As can be seen from the detailed explanation above, the capacitance weight change supply type regeneration needle of the present invention has a high capacitance value of 11iI in the regeneration needle body! An electrode with an electrode layer formed on a part of the abrasion-resistant material can be formed into an electrode that can be peeled off, has abrasion resistance, is dredged with 1C, and has a horizontal structure that can be easily applied by electric discharge.

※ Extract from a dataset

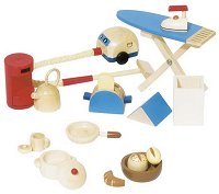 Кой не е мечтал да има изобилие от мебели и аксесоари за обзавеждане и игра? Сега тази мечта може да стане реалност с помощта на комплекта допълващи аксесоари от Goki! Той включва дъска за гладене, ютия, прахосмукачка, кана, тостер за хляб, кошче за боклук и много други. Елементите са изработени от дърво и са боядисани с безвредни бои на водна основа. С тях децата могат да пренареждат аксесоарите в своята куклена къща по всяко време. С любимите си куклички те ще имат възможност да съчиняват все нови и нови сценарии, дори и с група от приятелчета. ... |
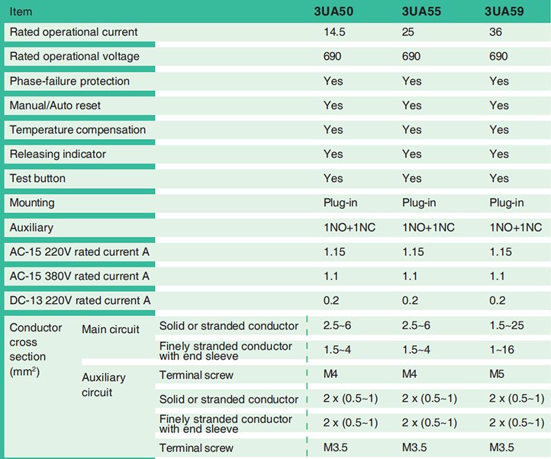 3UA series thermal overload relay are suitable for overload and phase-failure protection of AC

Therefore, according to the present invention, it is possible to easily provide a regenerated needle that satisfactorily eliminates all the drawbacks of the conventional regenerated needles described above.

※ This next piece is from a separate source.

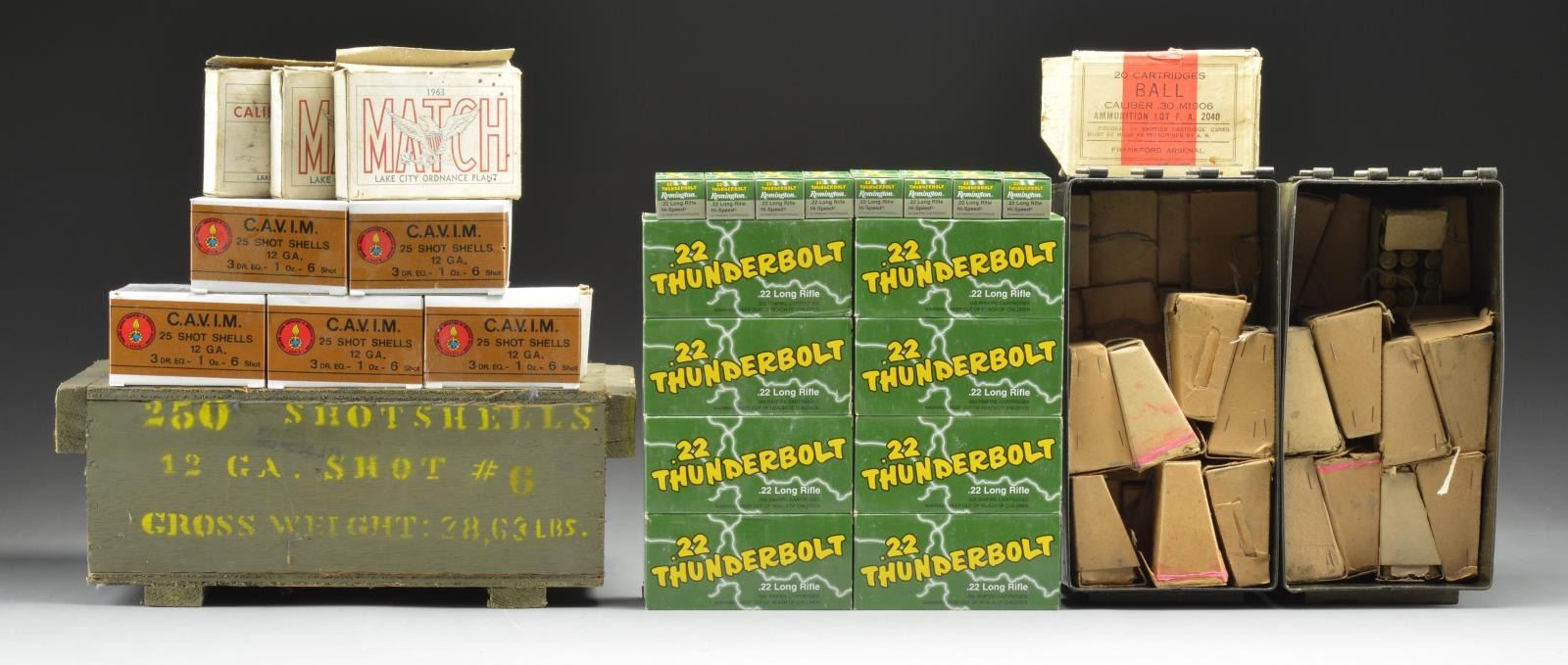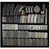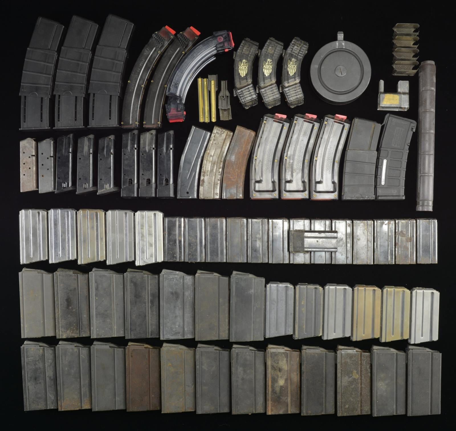 MAGAZINES: 14 - M1 Carbine 15 rd. mags. / 3 - M1 Carbine 30 rd. mags. / 19 - M14 20 rd. mags. / 11 - M16/Ar15 steel 20 rd. mags. / 3 - Black Dog MAchine Ar 15 cal. 22 LR. 30 rd. mags. / 3 - Thermold AR15 40 rd. mags. / 2 - AR15 30 rd. mags. / 6 Eagle 10/22 mags. / 2 Butler Creek 25 rd. mags. for 10/22. / 2 Puma PPS50 30 rd. mags. / 1 Drum mags. for 22 LR PPS. / 2 Model 1911 mags. / 6 pistol. mags. / misc. strippers clips. / Also included are 4 ammo cans. CONDITION: steel mags. in fair condition w/ red rust throughout, plastic mags. good w/ wear. Ammo boxes in good overall condition w/ ammo appearing serviceable. (02-16978-2/MD). $400-600.

[Brief explanation of the drawing]

Fig. 1 Ca), (+)) is a perspective view of a regenerated needle with a slight wrinkle, and Fig. 2 (ω~(0) is a problem with the conventional regenerated needle?I-Explanation) Perspective view of the Ao needle for use, No. 6
The figure is a perspective view of an actual aaatt-bore of the regenerated needle of the present invention, and FIGS. 4 and 5 are the configurations of the ll1c wedge portions of different embodiments of the regenerated needle of the present invention. r: It is a 11411 side view of a vertical cross-section of a cutting needle for boring. Mu...Diamond, B, Bl, Ba...Kanasu's 4
No, 0, 01.02...Thin layer of metal nitride or carbide, Ba, Bat, Ob, Obt
~ Obs ・- Alloy layer, Patent applicant: Victor Company of Japan Co., Ltd. Procedural amendment (voluntary) December 7, 1980 Mr. Haruki Shimada, Commissioner of the Japan Patent Office, Change-detecting regeneration needle of capacitance value 3, Case of person who makes amendments Relationship with Patent Applicant 4, Agent 6, Subject of amendment Detailed explanation of the invention in the specification Column I
Contents of amendment: Specification O, page 8, line 18 “Vacue 4”
is corrected to "Benoya-".

Claims (1)

[Scope of Claims] 1. By slidingly contacting a recording trace on an information recording medium disk having a recording trace formed by an arrangement of bits corresponding to an information signal, and changing the capacitance value of the information signal in the recording trace. 11 It is a capacitance value change detection type regeneration needle equipped with an electrode part that can be taken out as a change in Qi according to the change in spirit, and the regeneration needle body is provided with a partial pressure of 4-layer hardness and abrasion resistant material. A thin layer of a metal that is alloyed with the Sakaki material of the /IaJ hardness control light material is formed on the electro-ground adhesion formation surface via an alloy layer. A capacitance value change detecting regeneration needle 2 with an electric insulating part formed by Sakaki, and four metal layers on an electrode layer forming surface provided on a part of the regeneration needle main body made of a high hardness and wear-resistant material. The metal electrified proboscis is a change-detecting type of capacitance (1) according to claim 1, in which several thin layers of carbide are sequentially provided one after the other to constitute the other part. High ii1 in recycled needle & recycled needle body! Claim 17111, item 1, in which diamond is used as the wear-resistant material
# Tolerance tg change detection type regeneration needle 4, the change detection type regeneration needle of Seiden answer jll value as set forth in claim 1, wherein the metal used for the electric power is titanium or ha7nium.